Closet and Coffins: The Queer-Coded History of Vampires and Representation

Photos by Laura McCann

Vampires are gay – or at least the story and idea of a vampire has been queercoded since its origin. This is the subtextual coding of a character as queer or having queer attributes. The historically taboo nature of both vampires and queerness worked well together in literary symbolism, which queer writers often had to hide behind. 

“It’s like the hidden aspect of it. The kind of taboo, the kind of feeling of a monster within you – something that makes you different,” said Katie Armstrong, a Kent State student. “There’s a lot of self hatred involved with vampires. They hate what they become, they hate what they are, they hate that part of them, and I feel like a lot of that is connected to kind of like, internalized homophobia and things like that.”

Queer vampires are not a new subject. One of the earliest vampire novels is the sapphic and vampiric love story of “Carmilla,” written by Sheridan Le Fanu in 1872. Later in 1907, George Sylvester Viereck’s “The House of the Vampire,” became widely known as the first male gay vampire romance story. 

“I like the idea where you have to be invited into these situations where it’s like, ‘I feel like an outsider in things and I need to ask for acceptance – asked to be allowed into these spaces,’” said Morgan Russell, a Kent State student. They discussed the AIDS crisis of the 1980s and 1990s having a role in enforcing the connection between vampires and the queer community. They see that from this, there developed a direct correlation to blood and the idea of vampires as tainted beings because of the consumption of blood. “But on the flip side, just the decadence and consumption and just the grandiose nature of vampirism is so good in a queer context.” 

Even in their origins, both mythological and in literature, vampires have an inherent tie with queerness. Writing vampire stories was a way for writers to express the struggles they faced without outright admitting to their queerness.

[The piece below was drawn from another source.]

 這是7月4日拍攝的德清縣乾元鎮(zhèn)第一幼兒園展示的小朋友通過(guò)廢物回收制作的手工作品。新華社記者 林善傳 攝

The show What We Do In The Shadows (WWDITS), created by Taika Waititi, is a mockumentary style series that follows a group of four vampires and a familiar, a human servant to one of the vampires. Nando, Laslow, Nadja, and Colin Robinson are all vampires with Guillermo who cleans up after everyone’s messes, but later becomes a bodyguard for them. 

WWDITS has no lack of queer representation. “All of our characters are completely pansexual,” said Paul Simms, writer and producer, in an interview with GLAAD. In the first episode, an elder vampire known as The Baron is introduced by both Nadja and Laslow who had separate affairs with him. With that one joke, WWDITS committed itself to a queer inclusive story. It’s easy to make vampires extremely queer because they already exist with an identity that is outside traditional views. These are thousand year old beings who do not have to follow the same societal identity structure followed today.

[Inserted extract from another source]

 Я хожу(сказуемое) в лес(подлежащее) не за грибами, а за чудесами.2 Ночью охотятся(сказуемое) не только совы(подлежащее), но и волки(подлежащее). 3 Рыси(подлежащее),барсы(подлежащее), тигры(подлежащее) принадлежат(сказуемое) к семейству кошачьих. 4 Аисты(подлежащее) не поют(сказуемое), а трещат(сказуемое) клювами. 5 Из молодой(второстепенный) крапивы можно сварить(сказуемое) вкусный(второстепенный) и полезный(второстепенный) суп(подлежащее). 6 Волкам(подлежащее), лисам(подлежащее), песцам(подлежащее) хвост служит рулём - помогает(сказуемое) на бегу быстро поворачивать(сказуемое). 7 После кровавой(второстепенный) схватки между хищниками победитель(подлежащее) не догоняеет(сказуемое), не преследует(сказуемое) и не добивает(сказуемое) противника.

“It’s nice to just see [queer identities] normalized and talked about because I feel like the running joke here are exactly two pieces of media that have this identity,” said Armstrong, who talked about how rare it is to see lesser known identities. “I feel like queer narratives are more hard hitting where they’re placed in a broader narrative that isn’t just that very specific coming out experience.” 

Most queer representation in the media consists of coming out stories. These feel-good, cisgender digestible pieces are rampant and make up the majority of supposed representation. 

Armstrong thought this is partially why WWDITS is so good. “It isn’t your railroaded coming out, bullshit homophobia, everyone accepts me in the end, we’re all handy dandy everyone shakes hands, hugs, whatever.” It’s somehow more real, even with all the supernatural shenanigans. Representation without the focus of the story being that the characters are queer is refreshing to many. Instead of focusing on what it means to struggle because you are queer it shows what it means to be queer and struggle outside of it. Queer people don’t entirely exist within the context of coming out, the majority of what is portrayed in the media.

“You’ve turned the queer experience into a commodity,” said Russell. “People love a struggle, they love a story where it’s victimizing, but sometimes it’s good to just have something where I can be happy, where it’s not where the character I like is just killed.” While technically, yes, coming out stories are representation, it’s really not the representation the community needs.

Most queer stories have also historically focused on gay white men. It’s important to have more expansive representation and have characters that are not just conventionally attractive cis gay white men. “I want butches already” said Russell. They also think people need to be more open to different kinds of representation. “You need to be able to watch something that doesn’t have your very specific representation. You need to be there for everybody in the community, so that [the queer community] can have more.”

Armstrong said, “People don’t want to watch more stories and movies of crimes being committed against them. They want to see things like What We Do In The Shadows where it’s, for once, fun vampires and also yeah, they’re gay, you know?”